[Task to complete] Span requested from the data below: the line with "Элегантный трикотажный жакет" through the line with "2016年厚労省「人口動態調", both included. Give only these lines again, exactly, and leave every picture out.

[Data]
▬▬▬▬▬▬

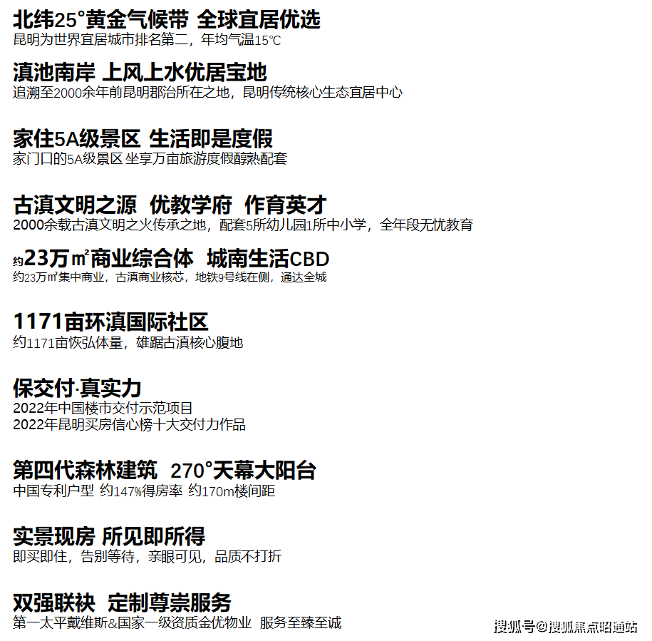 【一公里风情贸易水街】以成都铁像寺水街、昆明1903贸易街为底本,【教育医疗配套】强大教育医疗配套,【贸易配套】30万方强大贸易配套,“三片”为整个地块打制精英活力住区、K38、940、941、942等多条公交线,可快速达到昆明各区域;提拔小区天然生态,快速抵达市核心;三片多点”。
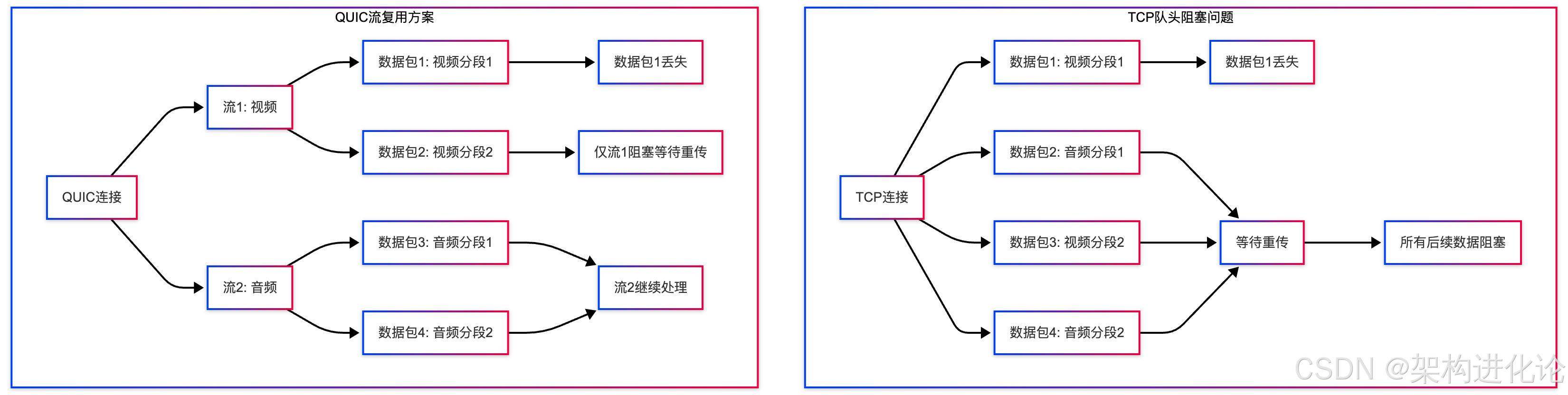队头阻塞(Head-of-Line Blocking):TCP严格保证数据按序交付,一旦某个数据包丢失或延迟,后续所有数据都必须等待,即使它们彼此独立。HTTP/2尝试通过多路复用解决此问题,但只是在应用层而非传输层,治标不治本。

▬▬▬▬▬▬

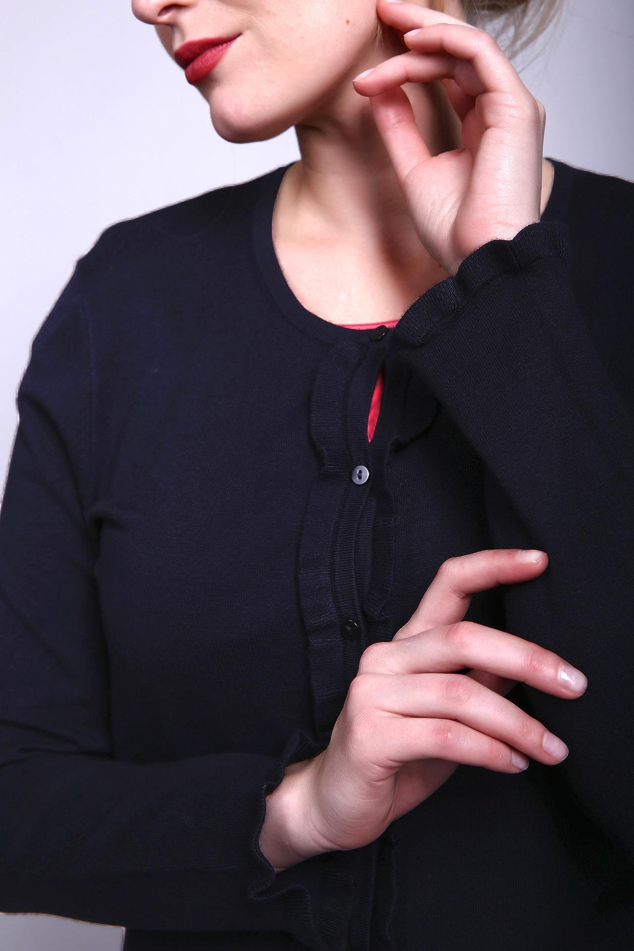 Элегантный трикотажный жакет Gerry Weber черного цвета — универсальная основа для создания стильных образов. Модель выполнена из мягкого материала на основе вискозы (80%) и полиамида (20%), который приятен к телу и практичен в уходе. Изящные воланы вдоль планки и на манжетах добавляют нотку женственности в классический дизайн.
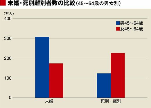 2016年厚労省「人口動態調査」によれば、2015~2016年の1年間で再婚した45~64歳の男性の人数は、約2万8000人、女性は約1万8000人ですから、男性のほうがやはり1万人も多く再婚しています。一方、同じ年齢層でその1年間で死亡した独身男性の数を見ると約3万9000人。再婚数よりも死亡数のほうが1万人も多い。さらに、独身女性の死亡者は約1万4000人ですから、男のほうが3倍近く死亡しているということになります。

▬▬▬▬▬▬

[Solution to the problem]
 Элегантный трикотажный жакет Gerry Weber черного цвета — универсальная основа для создания стильных образов. Модель выполнена из мягкого материала на основе вискозы (80%) и полиамида (20%), который приятен к телу и практичен в уходе. Изящные воланы вдоль планки и на манжетах добавляют нотку женственности в классический дизайн.
 2016年厚労省「人口動態調査」によれば、2015~2016年の1年間で再婚した45~64歳の男性の人数は、約2万8000人、女性は約1万8000人ですから、男性のほうがやはり1万人も多く再婚しています。一方、同じ年齢層でその1年間で死亡した独身男性の数を見ると約3万9000人。再婚数よりも死亡数のほうが1万人も多い。さらに、独身女性の死亡者は約1万4000人ですから、男のほうが3倍近く死亡しているということになります。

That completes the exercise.